:: Aim of the task ::
What you return must match the data below exactly, minus any pictures.

(Dataset excerpt Opens)

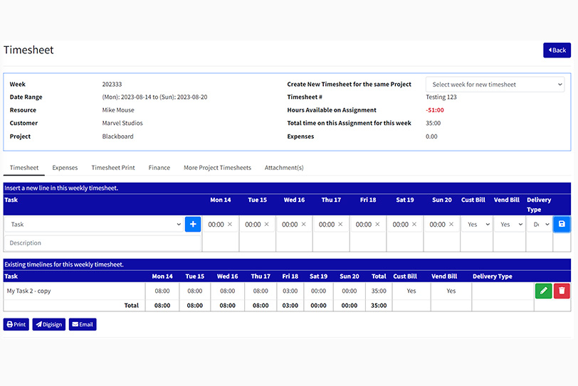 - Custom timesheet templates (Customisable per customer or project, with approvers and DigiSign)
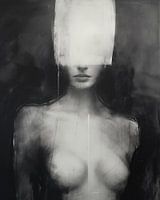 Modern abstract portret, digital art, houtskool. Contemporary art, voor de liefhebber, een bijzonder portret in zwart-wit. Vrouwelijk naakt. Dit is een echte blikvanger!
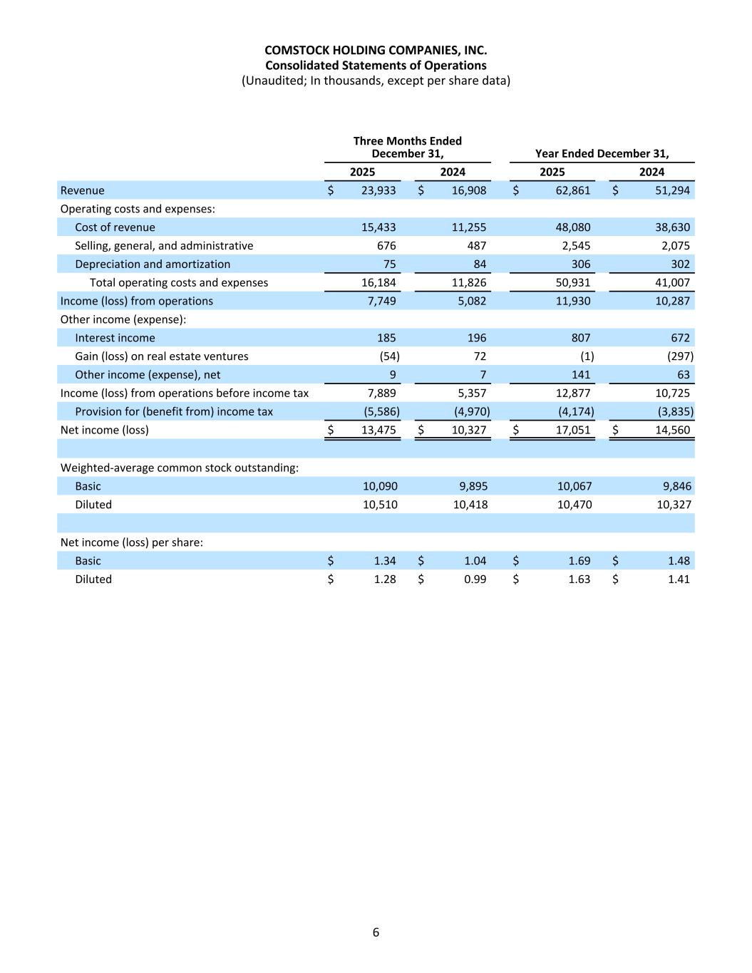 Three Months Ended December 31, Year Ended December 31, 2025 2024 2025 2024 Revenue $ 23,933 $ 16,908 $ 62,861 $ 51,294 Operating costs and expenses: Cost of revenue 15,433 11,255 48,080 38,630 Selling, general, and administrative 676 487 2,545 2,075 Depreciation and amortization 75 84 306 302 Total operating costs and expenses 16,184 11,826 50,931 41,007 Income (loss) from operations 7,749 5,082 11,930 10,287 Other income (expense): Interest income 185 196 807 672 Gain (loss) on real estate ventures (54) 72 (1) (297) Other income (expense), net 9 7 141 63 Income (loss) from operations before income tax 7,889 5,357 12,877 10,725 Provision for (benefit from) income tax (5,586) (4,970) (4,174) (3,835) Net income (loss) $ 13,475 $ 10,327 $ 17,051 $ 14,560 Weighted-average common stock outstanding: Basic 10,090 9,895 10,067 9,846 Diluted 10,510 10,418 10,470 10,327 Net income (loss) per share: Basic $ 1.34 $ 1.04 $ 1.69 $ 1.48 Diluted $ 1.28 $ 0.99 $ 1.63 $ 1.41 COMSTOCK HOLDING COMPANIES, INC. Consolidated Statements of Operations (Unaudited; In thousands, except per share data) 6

(Dataset excerpt Closes)

:: Exercise output ::
 - Custom timesheet templates (Customisable per customer or project, with approvers and DigiSign)
 Modern abstract portret, digital art, houtskool. Contemporary art, voor de liefhebber, een bijzonder portret in zwart-wit. Vrouwelijk naakt. Dit is een echte blikvanger!
 Three Months Ended December 31, Year Ended December 31, 2025 2024 2025 2024 Revenue $ 23,933 $ 16,908 $ 62,861 $ 51,294 Operating costs and expenses: Cost of revenue 15,433 11,255 48,080 38,630 Selling, general, and administrative 676 487 2,545 2,075 Depreciation and amortization 75 84 306 302 Total operating costs and expenses 16,184 11,826 50,931 41,007 Income (loss) from operations 7,749 5,082 11,930 10,287 Other income (expense): Interest income 185 196 807 672 Gain (loss) on real estate ventures (54) 72 (1) (297) Other income (expense), net 9 7 141 63 Income (loss) from operations before income tax 7,889 5,357 12,877 10,725 Provision for (benefit from) income tax (5,586) (4,970) (4,174) (3,835) Net income (loss) $ 13,475 $ 10,327 $ 17,051 $ 14,560 Weighted-average common stock outstanding: Basic 10,090 9,895 10,067 9,846 Diluted 10,510 10,418 10,470 10,327 Net income (loss) per share: Basic $ 1.34 $ 1.04 $ 1.69 $ 1.48 Diluted $ 1.28 $ 0.99 $ 1.63 $ 1.41 COMSTOCK HOLDING COMPANIES, INC. Consolidated Statements of Operations (Unaudited; In thousands, except per share data) 6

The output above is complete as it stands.